Entries supplied:
*** Block opens ***

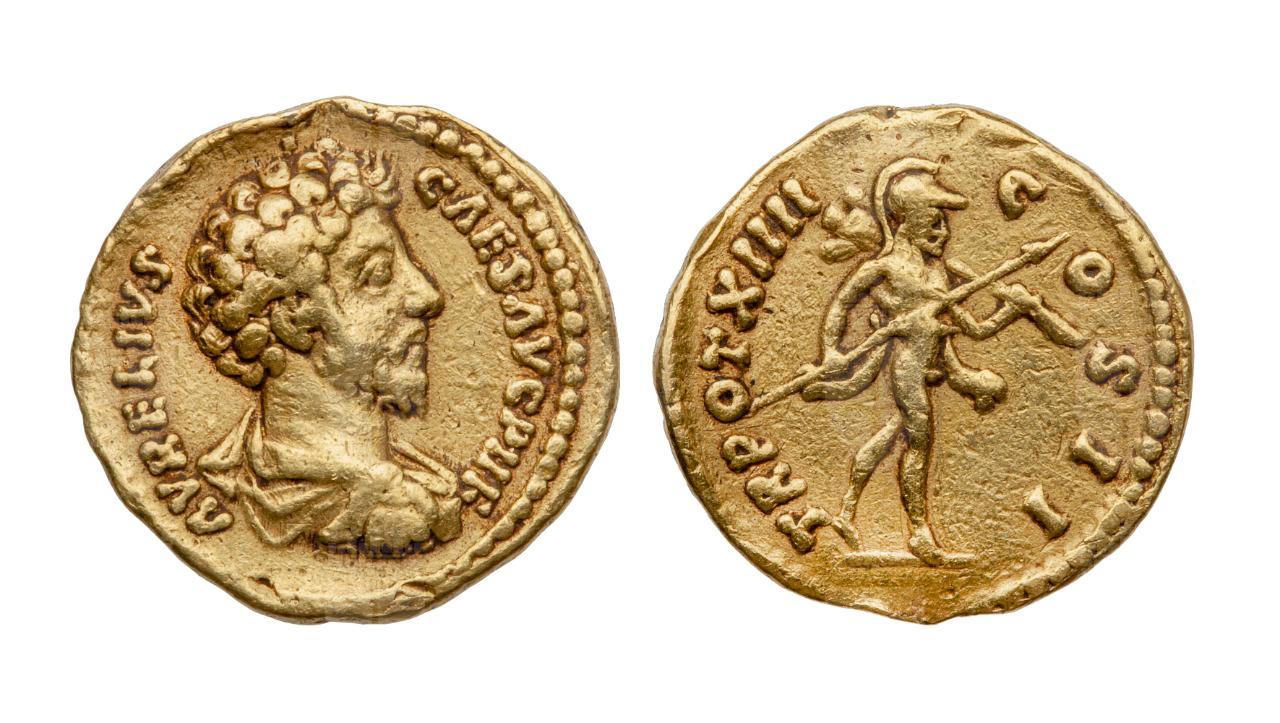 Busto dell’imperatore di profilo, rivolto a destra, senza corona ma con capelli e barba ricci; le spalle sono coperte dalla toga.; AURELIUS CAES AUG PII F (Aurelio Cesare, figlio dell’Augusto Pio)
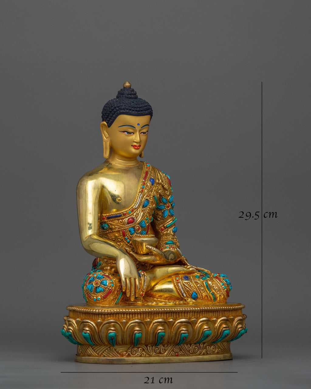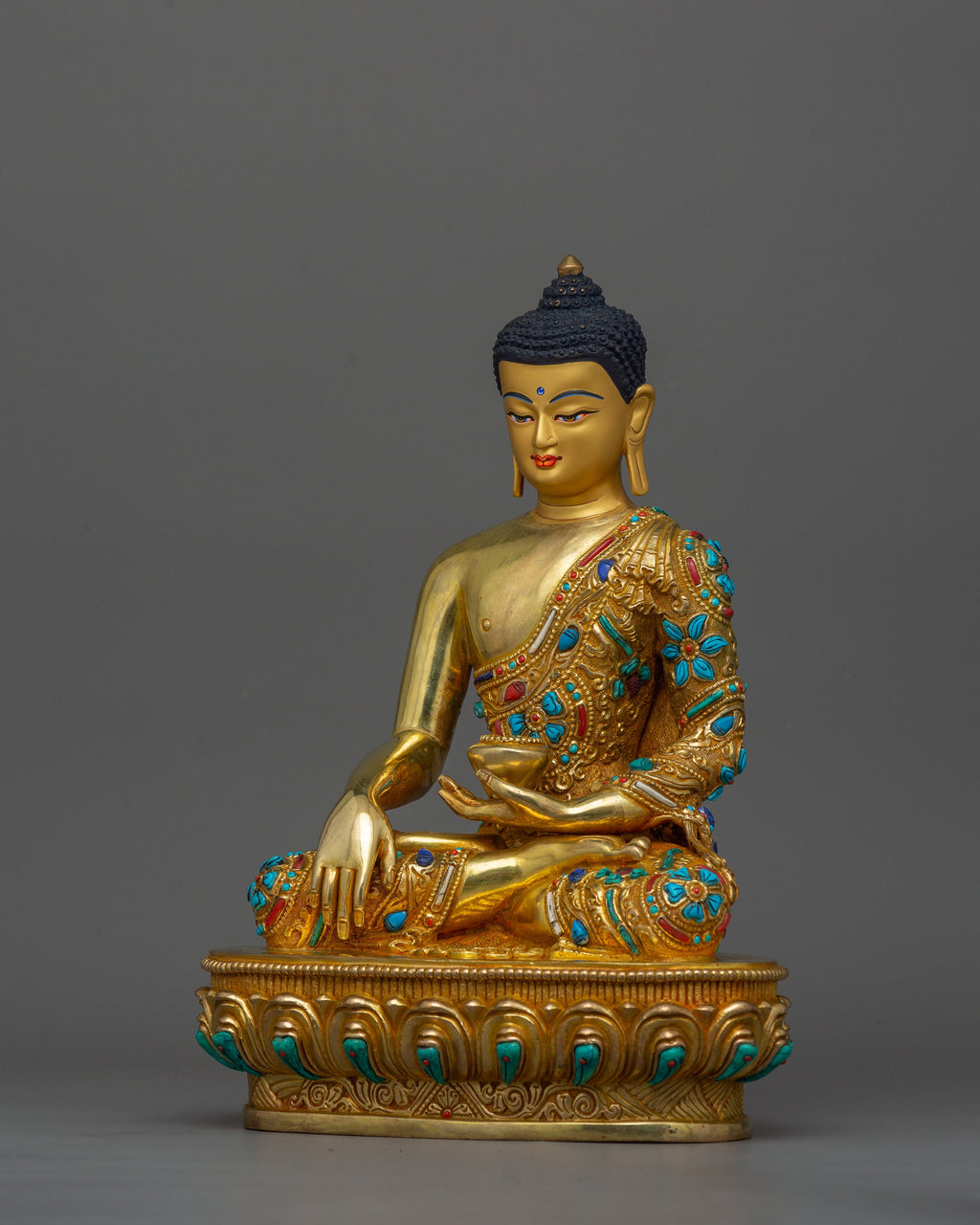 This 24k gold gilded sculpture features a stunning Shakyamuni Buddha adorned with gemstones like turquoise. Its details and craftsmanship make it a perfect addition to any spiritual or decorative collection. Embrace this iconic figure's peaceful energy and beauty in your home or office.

*** Block closes ***
*** Block opens ***

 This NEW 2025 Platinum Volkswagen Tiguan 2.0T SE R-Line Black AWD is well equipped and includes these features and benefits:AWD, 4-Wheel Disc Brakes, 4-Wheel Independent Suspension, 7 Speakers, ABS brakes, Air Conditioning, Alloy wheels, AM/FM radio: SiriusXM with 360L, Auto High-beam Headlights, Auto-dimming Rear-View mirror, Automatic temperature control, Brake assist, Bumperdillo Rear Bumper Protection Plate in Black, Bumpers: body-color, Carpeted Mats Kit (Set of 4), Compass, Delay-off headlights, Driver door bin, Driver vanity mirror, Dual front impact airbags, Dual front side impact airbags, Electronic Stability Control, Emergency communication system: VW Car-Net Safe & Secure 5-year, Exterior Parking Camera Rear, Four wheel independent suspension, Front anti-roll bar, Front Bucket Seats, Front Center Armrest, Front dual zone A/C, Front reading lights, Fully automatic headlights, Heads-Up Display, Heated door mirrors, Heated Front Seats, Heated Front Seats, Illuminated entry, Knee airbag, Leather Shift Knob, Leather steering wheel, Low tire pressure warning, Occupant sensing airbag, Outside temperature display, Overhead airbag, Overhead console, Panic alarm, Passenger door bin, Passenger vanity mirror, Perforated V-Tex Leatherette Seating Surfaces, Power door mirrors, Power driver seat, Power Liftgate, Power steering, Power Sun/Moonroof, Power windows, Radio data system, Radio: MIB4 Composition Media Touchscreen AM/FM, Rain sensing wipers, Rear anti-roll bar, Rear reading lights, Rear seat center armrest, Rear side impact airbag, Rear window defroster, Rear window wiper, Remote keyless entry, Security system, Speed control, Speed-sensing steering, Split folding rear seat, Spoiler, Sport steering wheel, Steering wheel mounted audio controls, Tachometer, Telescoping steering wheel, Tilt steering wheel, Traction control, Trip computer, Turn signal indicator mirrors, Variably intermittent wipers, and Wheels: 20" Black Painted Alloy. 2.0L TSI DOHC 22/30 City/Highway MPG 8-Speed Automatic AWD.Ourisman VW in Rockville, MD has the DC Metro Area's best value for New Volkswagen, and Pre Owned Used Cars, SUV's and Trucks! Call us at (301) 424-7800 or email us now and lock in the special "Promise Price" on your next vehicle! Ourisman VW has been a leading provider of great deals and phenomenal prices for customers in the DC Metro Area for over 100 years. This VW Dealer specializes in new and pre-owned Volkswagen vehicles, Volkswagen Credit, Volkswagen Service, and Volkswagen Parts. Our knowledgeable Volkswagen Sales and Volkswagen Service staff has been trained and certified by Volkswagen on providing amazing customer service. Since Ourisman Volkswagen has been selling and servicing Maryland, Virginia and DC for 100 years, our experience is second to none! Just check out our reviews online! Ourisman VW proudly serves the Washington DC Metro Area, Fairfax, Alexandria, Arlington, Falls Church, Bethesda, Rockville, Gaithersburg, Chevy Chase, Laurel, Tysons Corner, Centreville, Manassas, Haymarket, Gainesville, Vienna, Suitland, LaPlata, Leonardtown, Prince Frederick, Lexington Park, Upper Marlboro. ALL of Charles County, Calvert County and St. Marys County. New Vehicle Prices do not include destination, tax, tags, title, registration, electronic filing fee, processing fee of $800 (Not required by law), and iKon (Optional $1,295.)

*** Block closes ***
*** Block opens ***

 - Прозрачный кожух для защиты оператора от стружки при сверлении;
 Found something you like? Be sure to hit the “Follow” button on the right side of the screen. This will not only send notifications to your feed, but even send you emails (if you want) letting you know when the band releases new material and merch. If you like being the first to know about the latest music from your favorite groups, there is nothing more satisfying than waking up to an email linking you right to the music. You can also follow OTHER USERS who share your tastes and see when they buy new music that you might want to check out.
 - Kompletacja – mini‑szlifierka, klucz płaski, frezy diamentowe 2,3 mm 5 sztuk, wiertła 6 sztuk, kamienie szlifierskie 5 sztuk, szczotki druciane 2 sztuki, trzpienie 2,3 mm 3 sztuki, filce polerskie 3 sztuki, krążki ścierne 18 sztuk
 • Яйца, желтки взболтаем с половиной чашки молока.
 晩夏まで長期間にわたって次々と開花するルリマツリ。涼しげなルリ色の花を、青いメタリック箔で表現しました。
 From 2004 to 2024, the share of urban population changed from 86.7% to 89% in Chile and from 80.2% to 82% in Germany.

*** Block closes ***

Your assignment:
Return exactly the lines of the material above, starting at the line containing "Busto dell’imperatore di" and finishing at the line containing "This 24k gold", without any pictures.

Exercise answer:
 Busto dell’imperatore di profilo, rivolto a destra, senza corona ma con capelli e barba ricci; le spalle sono coperte dalla toga.; AURELIUS CAES AUG PII F (Aurelio Cesare, figlio dell’Augusto Pio)
 This 24k gold gilded sculpture features a stunning Shakyamuni Buddha adorned with gemstones like turquoise. Its details and craftsmanship make it a perfect addition to any spiritual or decorative collection. Embrace this iconic figure's peaceful energy and beauty in your home or office.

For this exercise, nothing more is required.